Suggestions for future research

The limitations of the existing knowledge are partly related to the interdisciplinary nature of this research topic. Producing information that is both relevant and reliable requires combining building sciences (eg, facility management, architecture) with expertise from behavioral, occupational and health sciences.

Thus, more research with a strong occupational health perspective is crucial to raise the quality of scientific knowledge in this area of research. Questions on the physical work environment should be included in large epidemiological studies of occupational health and well-being. Research is needed on specific health outcomes (eg, mental and musculoskeletal health), as well as antecedents (eg, health behaviors) and consequences of poor health (eg, sickness absence, productivity loss). Studies should also pay attention to the explaining mechanisms and the determinants of person-environment fit in different worker groups and jobs, including the identification of potentially vulnerable groups.
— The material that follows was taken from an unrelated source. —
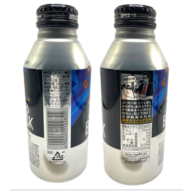 ป๊อกก้า ซัปโปโร BIZTIME ซาเอรุ แบล็ค 390ก. กระป๋องกาแฟไม่มีน้ำตาล

In particular, the physical office environment needs to be included in research on hybrid work as it is a part of the same phenomena.
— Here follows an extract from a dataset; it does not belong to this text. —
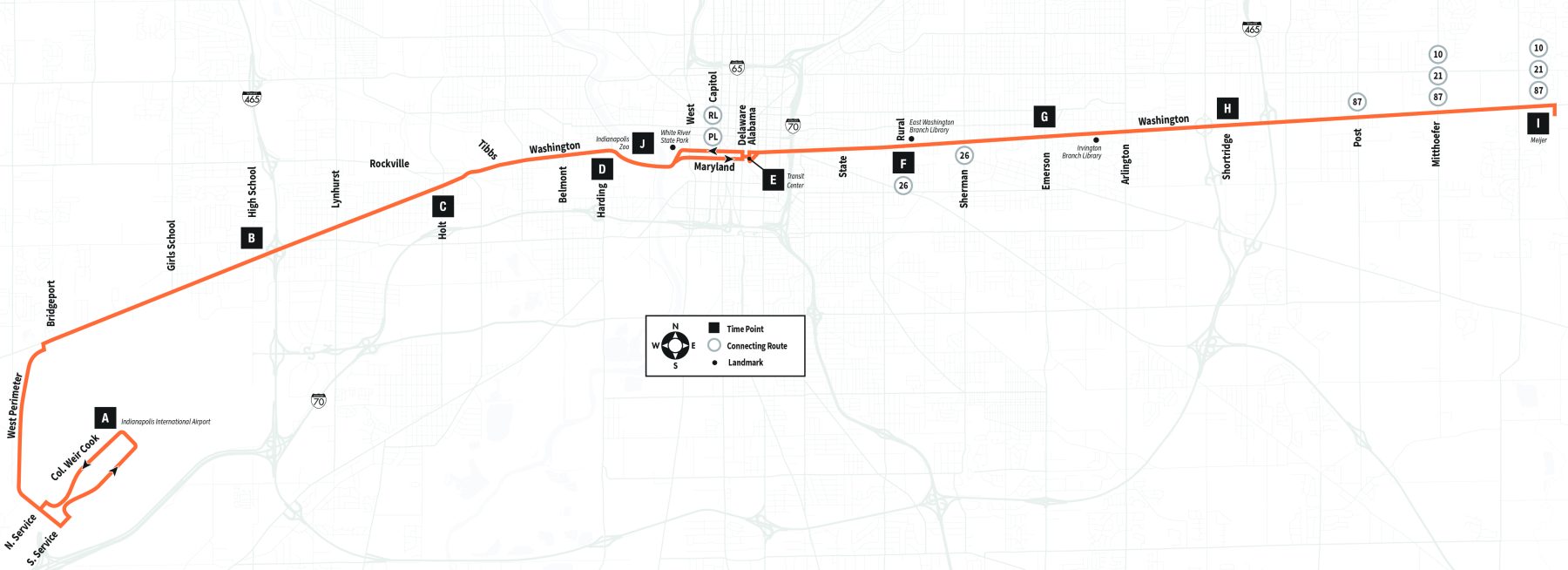 The Central Indiana Regional Transportation Authority (CIRTA) offers the Plainfield Connector, where passengers can transfer at IndyGo’s Route 8 Washington Street stop on the northbound side of Bridgeport Road. The Plainfield Connector travels to Adesa and through the Allpoints Midwest industrial park area, providing access to jobs at Ingram Micro, PDS, Regal, Tempur-Sealy and the Walmart eCommerce Fulfillment Center. It also travels through the Plainfield industrial park area, stopping on Airtech, Whitaker, Reeves and Perry Road. This service makes 24 stops total.

Secondly, strong interdisciplinary collaboration is necessary. A careful definition of the investigated workspaces, including on-site observations and specific parameters of office design and use when possible (eg, space-efficiency ratios, data from occupancy sensors), is important to accurately measure the physical environment. In our view, generic terms, such as “open-space office” or “open-plan design” should be avoided because they blur differences between traditional and modern office concepts and mask other potentially important features. Studies that define offices in terms of several features will also more likely be relevant to evaluating future office types (which are not yet known). Survey- and registry-based studies need to be complemented with objective measurements of office design parameters and physical indoor environment. For example, perceived office noise is associated with sickness absence (24), but noise disturbance depends considerably on the quality of the room acoustic design, not only the office type (25).
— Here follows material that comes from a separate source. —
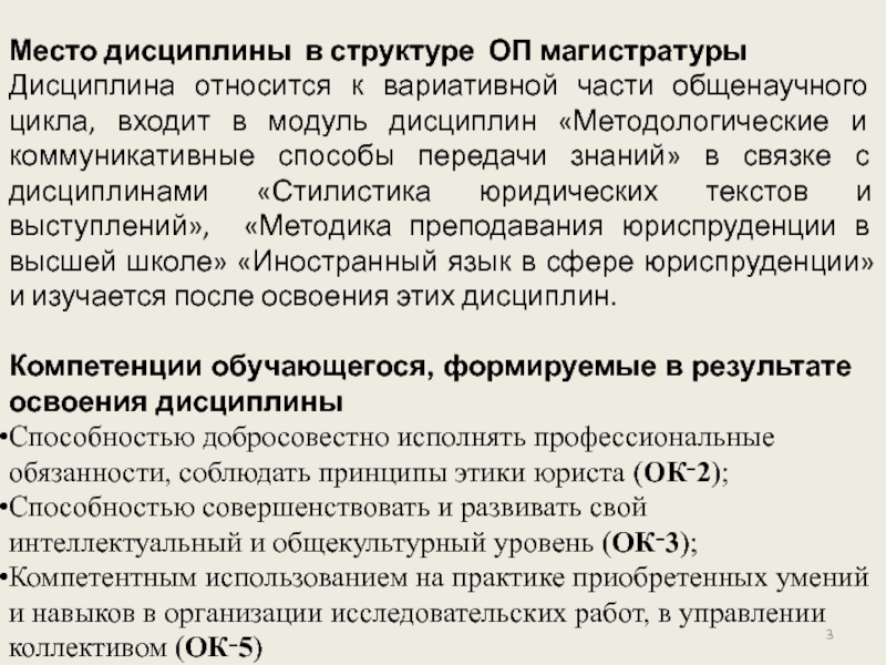Слайд 3Место дисциплины в структуре ОП магистратуры

Finally, the gaps in knowledge suggest that work environmental regulation and occupational safety and health policies may not be up to date in terms of relevant risk factors in modern office work. Public authorities, such as the European Agency for Safety and Health at Work (EU-OSHA) are drawing attention to the rapid changes in the working life, such as the impact of digitalization on work and workplaces and the associated occupational safety and health challenges and opportunities. If teleworking is becoming the “new normal” and offices are re-designed in response, there is an urgent need for evidence-based guidelines and tools on how to meet employers’ responsibilities to prevent work-related disorders and promote good health and well-being at work. Interestingly, health-promoting workspaces are already becoming a selling point for consultants and workplace designers in the post-pandemic working life. But if research is (still) left behind, organizations could be basing very expensive decisions on assumptions rather than evidence.